[Collected data]
※

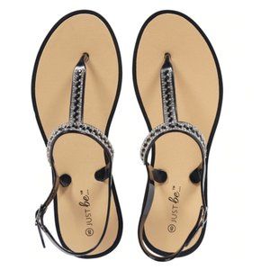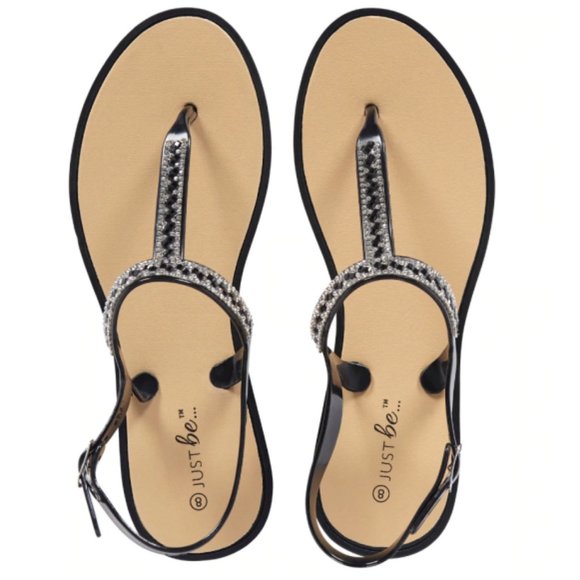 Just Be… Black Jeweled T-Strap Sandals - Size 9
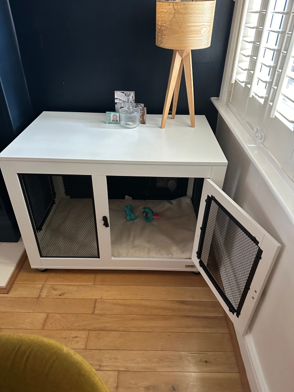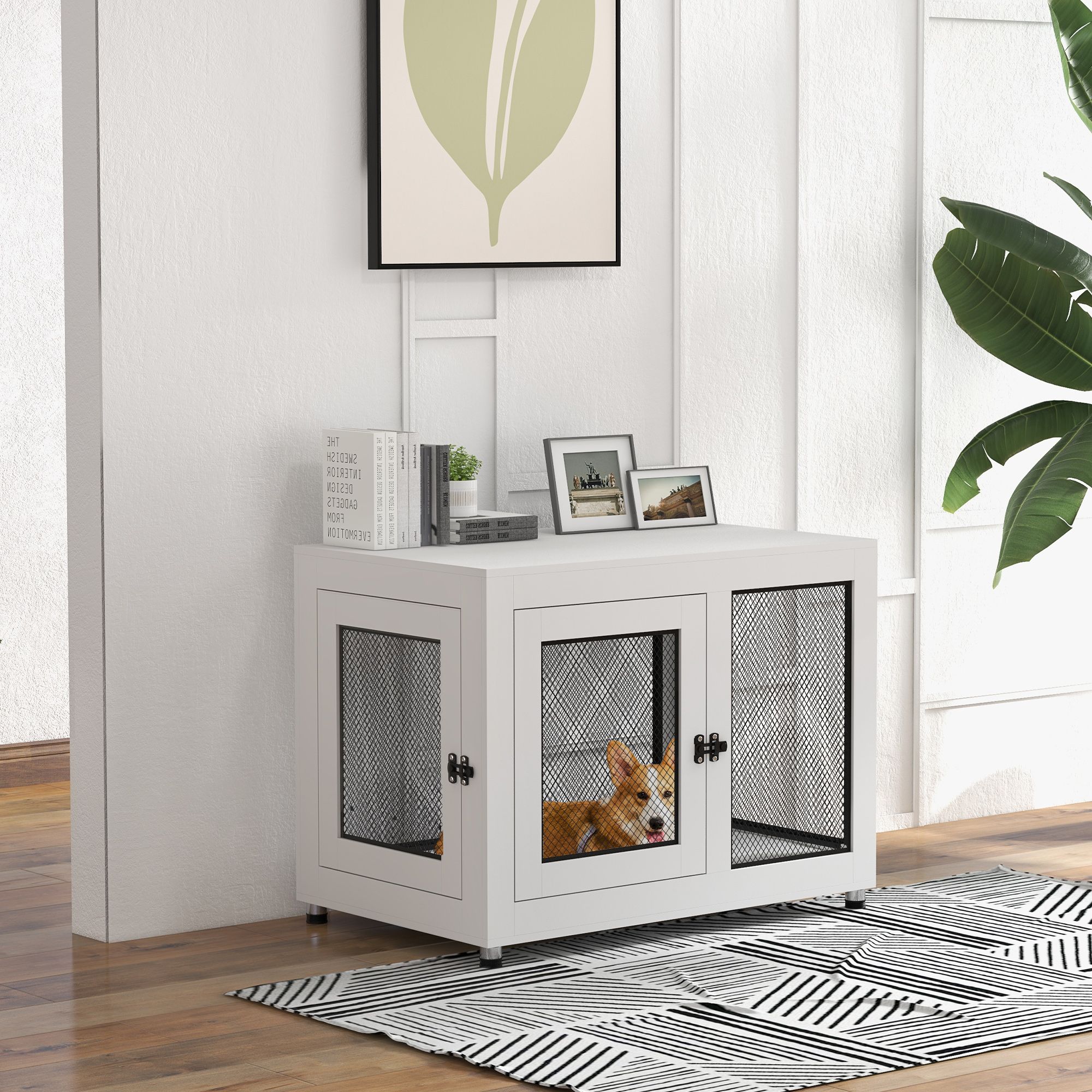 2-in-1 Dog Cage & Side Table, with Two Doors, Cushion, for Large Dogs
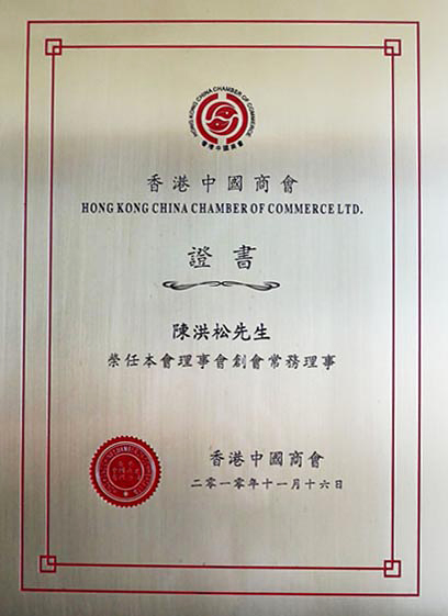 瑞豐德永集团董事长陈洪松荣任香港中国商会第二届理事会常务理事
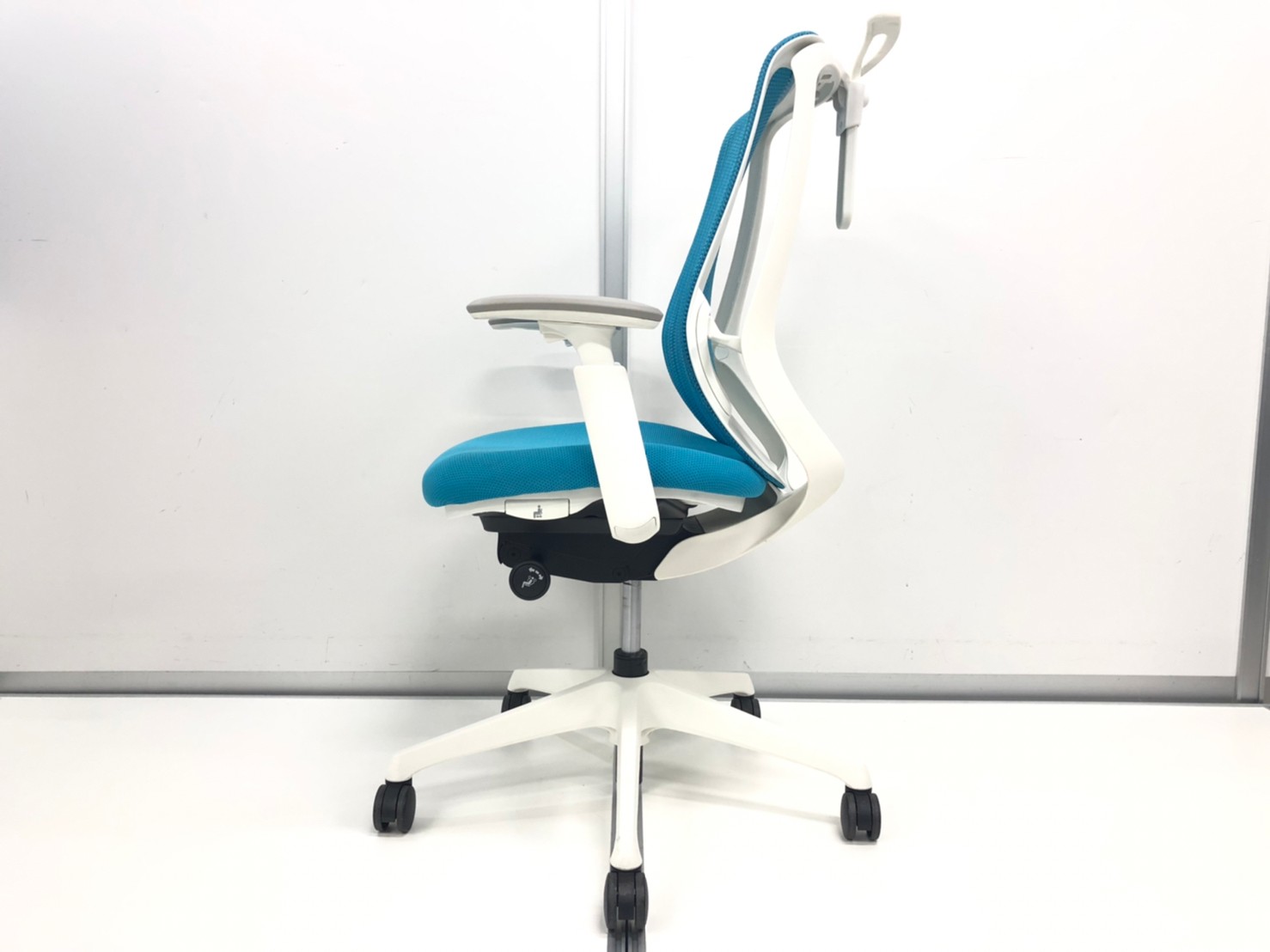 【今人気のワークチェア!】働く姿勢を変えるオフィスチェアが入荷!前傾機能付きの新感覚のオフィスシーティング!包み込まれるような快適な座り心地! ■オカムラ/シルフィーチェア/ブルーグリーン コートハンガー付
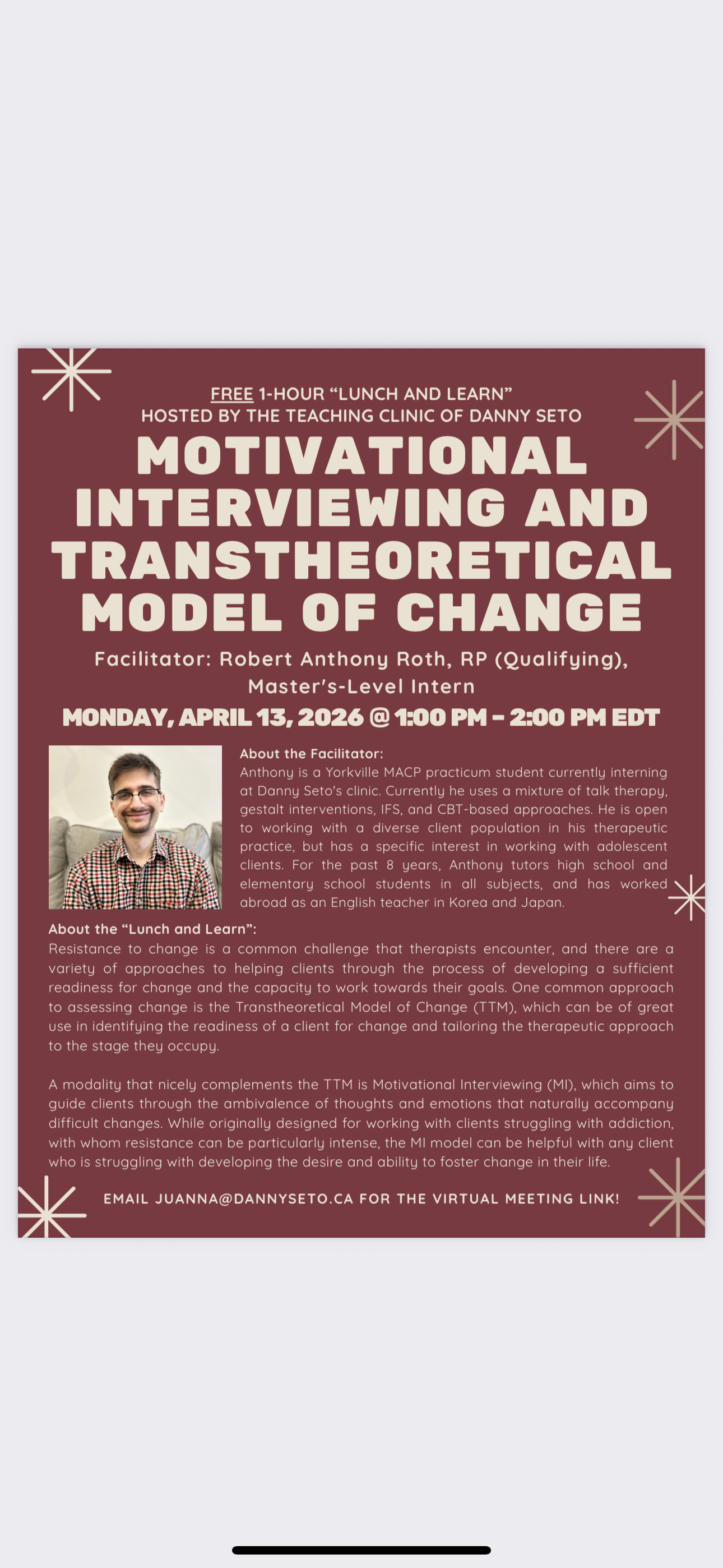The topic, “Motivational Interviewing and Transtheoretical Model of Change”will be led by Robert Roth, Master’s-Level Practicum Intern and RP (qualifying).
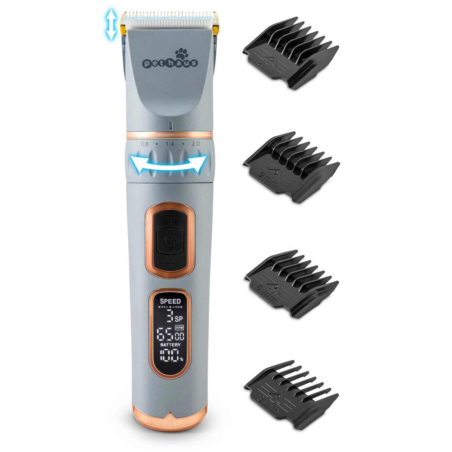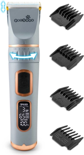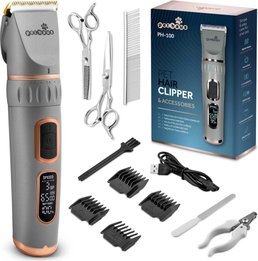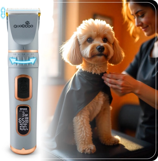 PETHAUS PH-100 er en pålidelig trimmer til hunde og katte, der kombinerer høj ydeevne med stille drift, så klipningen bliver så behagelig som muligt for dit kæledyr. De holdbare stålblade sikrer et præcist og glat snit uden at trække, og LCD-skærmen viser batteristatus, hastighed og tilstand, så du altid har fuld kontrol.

※

Exercise instructions
Extract only the lines from the one that contains "瑞豐德永集团董事长陈洪松荣任香港中国商会第二届理事会常务理事" through the end of the records, inclusive, and omit every picture.

Exercise result
 瑞豐德永集团董事长陈洪松荣任香港中国商会第二届理事会常务理事
 【今人気のワークチェア!】働く姿勢を変えるオフィスチェアが入荷!前傾機能付きの新感覚のオフィスシーティング!包み込まれるような快適な座り心地! ■オカムラ/シルフィーチェア/ブルーグリーン コートハンガー付
The topic, “Motivational Interviewing and Transtheoretical Model of Change”will be led by Robert Roth, Master’s-Level Practicum Intern and RP (qualifying).
 PETHAUS PH-100 er en pålidelig trimmer til hunde og katte, der kombinerer høj ydeevne med stille drift, så klipningen bliver så behagelig som muligt for dit kæledyr. De holdbare stålblade sikrer et præcist og glat snit uden at trække, og LCD-skærmen viser batteristatus, hastighed og tilstand, så du altid har fuld kontrol.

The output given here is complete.